Even Spain, Morocco’s nearest European neighbour with which it has long-standing territorial issues, has a better line than the UK and, more significantly, one that has evolved in Morocco’s favour from a position of neutrality. It is noteworthy that many of our peers have been on a journey, with language that has typically moved from the Moroccan autonomy plan being a solution, to it being the solution or even the only solution.
This year, Spain has reiterated the revised position that it adopted in April 2022. Thus the autonomy plan is
“the most serious, realistic and credible basis”
for the resolution of the Western Sahara question in its view. Germany has adopted similar language. Then we come to the US. The White House issued this proclamation in 2020:
“The United States affirms, as stated by previous Administrations, its support for Morocco’s autonomy proposal as the only basis for a just and lasting solution to the dispute over the Western Sahara territory. Therefore, as of today, the United States recognises Moroccan sovereignty over the entire Western Sahara territory and reaffirms its support for Morocco’s serious, credible and realistic autonomy proposal as the only basis for a just and lasting solution to the dispute over the Western Sahara territory. The United States believes that an independent Sahrawi state is not a realistic option for resolving the conflict and that genuine autonomy under Moroccan sovereignty is the only feasible solution. We urge the parties to engage in discussions without delay, using Morocco’s autonomy plan as the only framework to negotiate a mutually acceptable solution.”

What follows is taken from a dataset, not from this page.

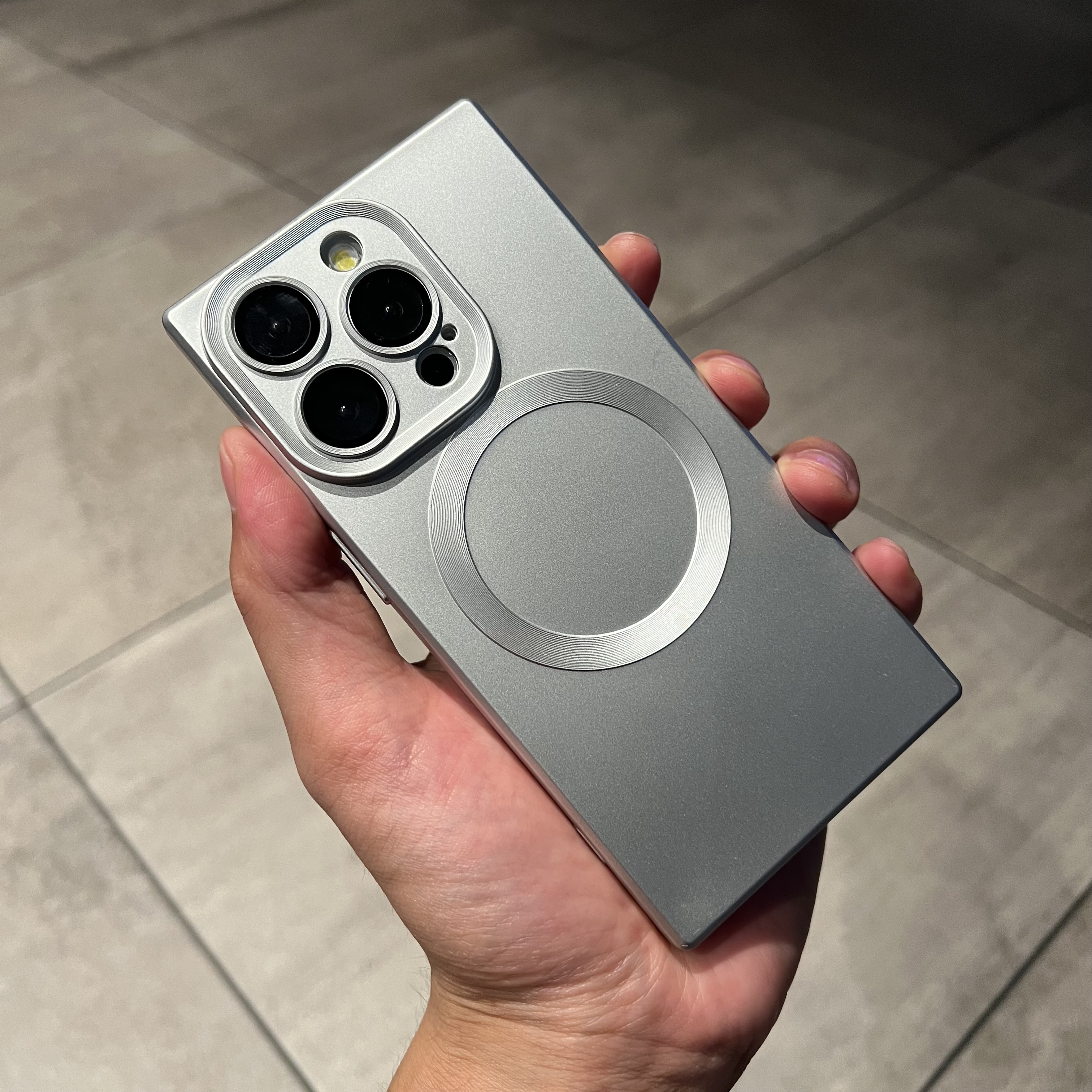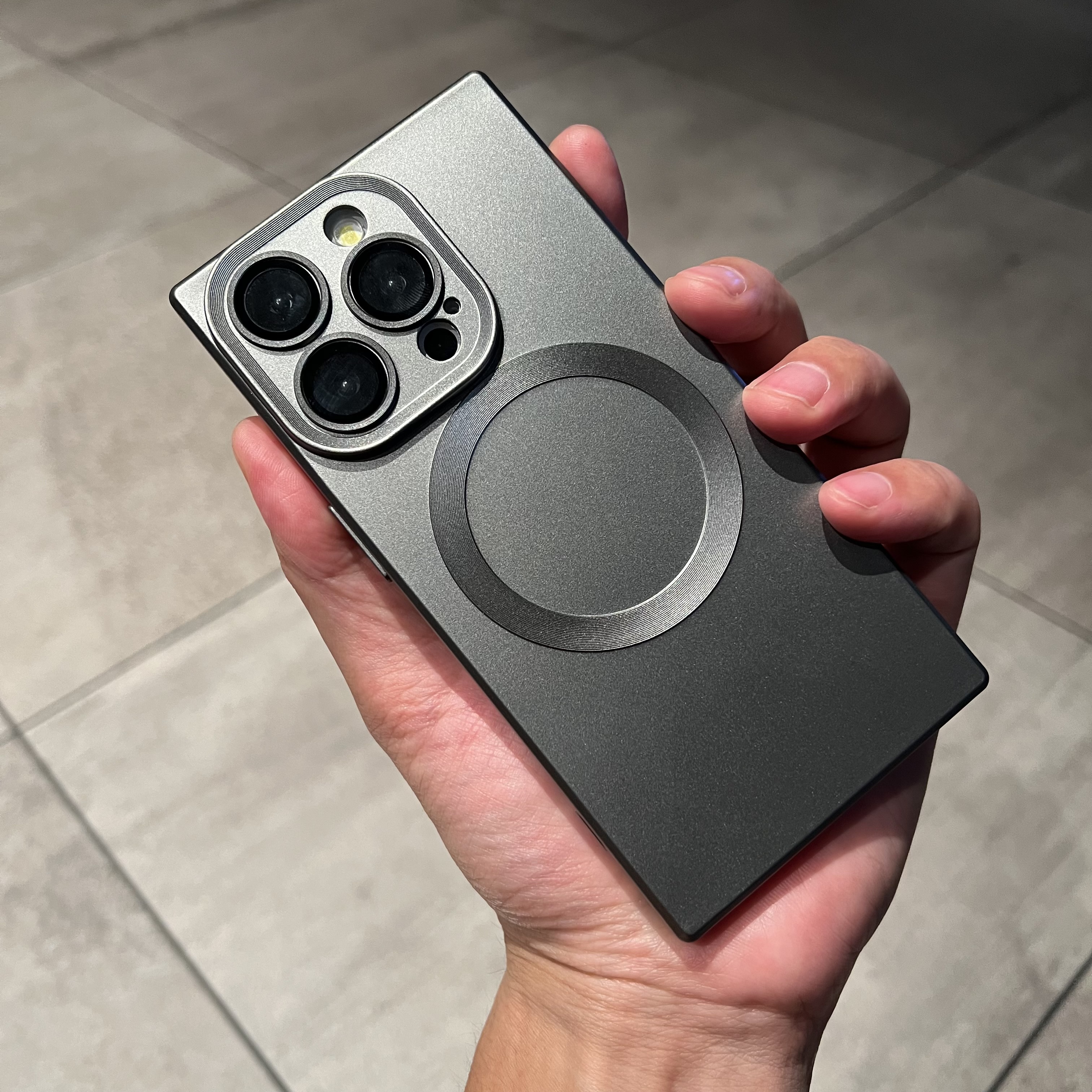 金属感正方形电镀磁吸奶奶灰太空银适用iPhone15手机壳带镜头膜苹果15promax软壳14/13pro全包防摔12硅胶11潮

So, what do I want? I want the UK to stop hiding under the UN’s skirts and to adopt similar language on Western Sahara to our permanent UN Security Council friends, the US and France. If that is too radical for the Foreign Office, we could at least match Spain and Germany. I want the UK to match France toe to toe in establishing cultural and consular presence in Laayoune and Dakhla, facilitating British engagement with commercial opportunities in Western Sahara to our mutual benefit. I want Britain to rekindle one of our oldest diplomatic relationships—more than eight centuries old. What better way to advance plans for a Moroccan state visit to the UK. That is the next obvious step after the association agreement that we signed in Lancaster House. Why has it stalled?
Above all, I want the Foreign Office to wake up to a post-Brexit reality in which we sink or swim depending on our ability to pursue the national interest with pivotally located, like-minded jurisdictions with which we can do business—countries such as Morocco. Or, if the Minister wants, he can swallow the line that he is about to rehearse and leave the fruits of a new era in bilateral relations to our closest continental neighbour.
Be in no doubt that, for Morocco, the UK’s position on Western Sahara is the test of how we value our relationship. As others have evolved their position over time, the UK is out of line and out of date. We will make no further progress until we change it.